Good Math Instruction is not only about the information you give. It's more about the questions you ask.
The questions we ask our students are very important. Our questions should require our students to think past their comfort zone in order to make sense of the content being taught. I could go on an on about questions, but I'll get straight to point of this post... to explain Pushing & Pulling questions.
I came up with Pushing and Pulling questions as a way to help me plan and organize questions that I would ask my students during instruction and as I was monitoring their work. The point of the questions is redirection. However, the exact question determines what we are directing students to.
When teachers ask students pulling questions, we pull students to our thinking. In other words, we redirect them to what we want them to know and think.
When teachers ask students pushing questions, we push students into their own thinking. In other words, we redirect them to understanding in their own thinking.

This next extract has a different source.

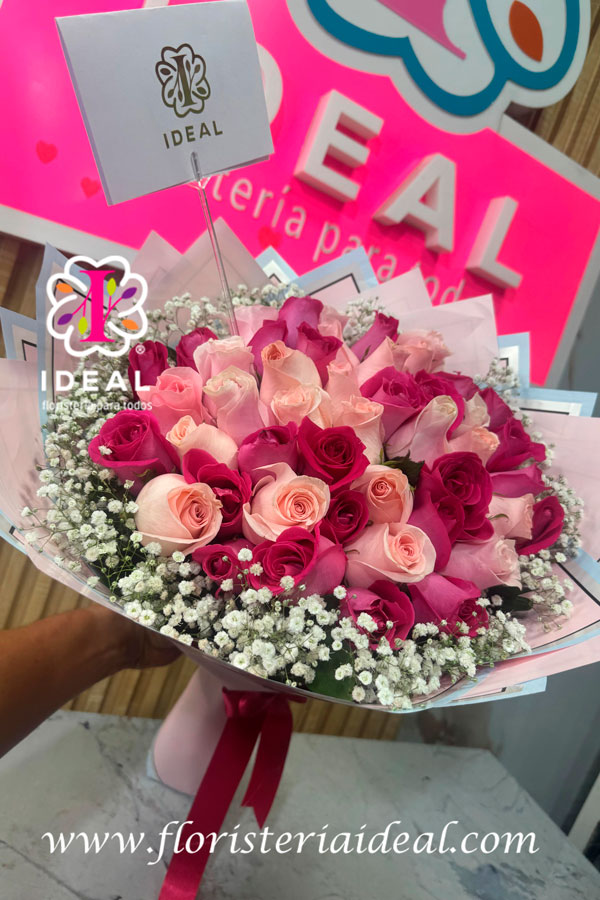 delicado arreglo de mano, ideal para sorprender a esa chica especial elaborados en tonos rosados y fucsias cantidad 50 unidades de rosa

Like with many things in teaching, everything has its place and time! However, overall we want to ask more pushing questions that pulling questions.
The #1 pushing question is usually "Will you explain your work to me?" This is my typical go-to question when I notice my students solving something incorrectly. Many times while they are explaining what they did, they actually catch their own error while they are explaining. If they don't catch it, I will ask another question that is still pushing them into their thinking, but more guidance than "Will you explain your work to me?" As necessary (and as time/situation allows), I continue asking questions making my way down the spectrum.
You can grab a copy of my Pushing Vs. Pulling Organizer that I use to help plan for questions with my students. With this organizer, I typically anticipate misconceptions and then I carefully think about the range of questions that I can ask my students. This organizer is helpful to use per skill/lesson. However, the main reason that I created it was to serve as a scaffold for questioning. When teachers begin thinking about their questions as a range, then it soon becomes a norm. When it becomes a norm, then more "in the act" questioning naturally occurs for teachers.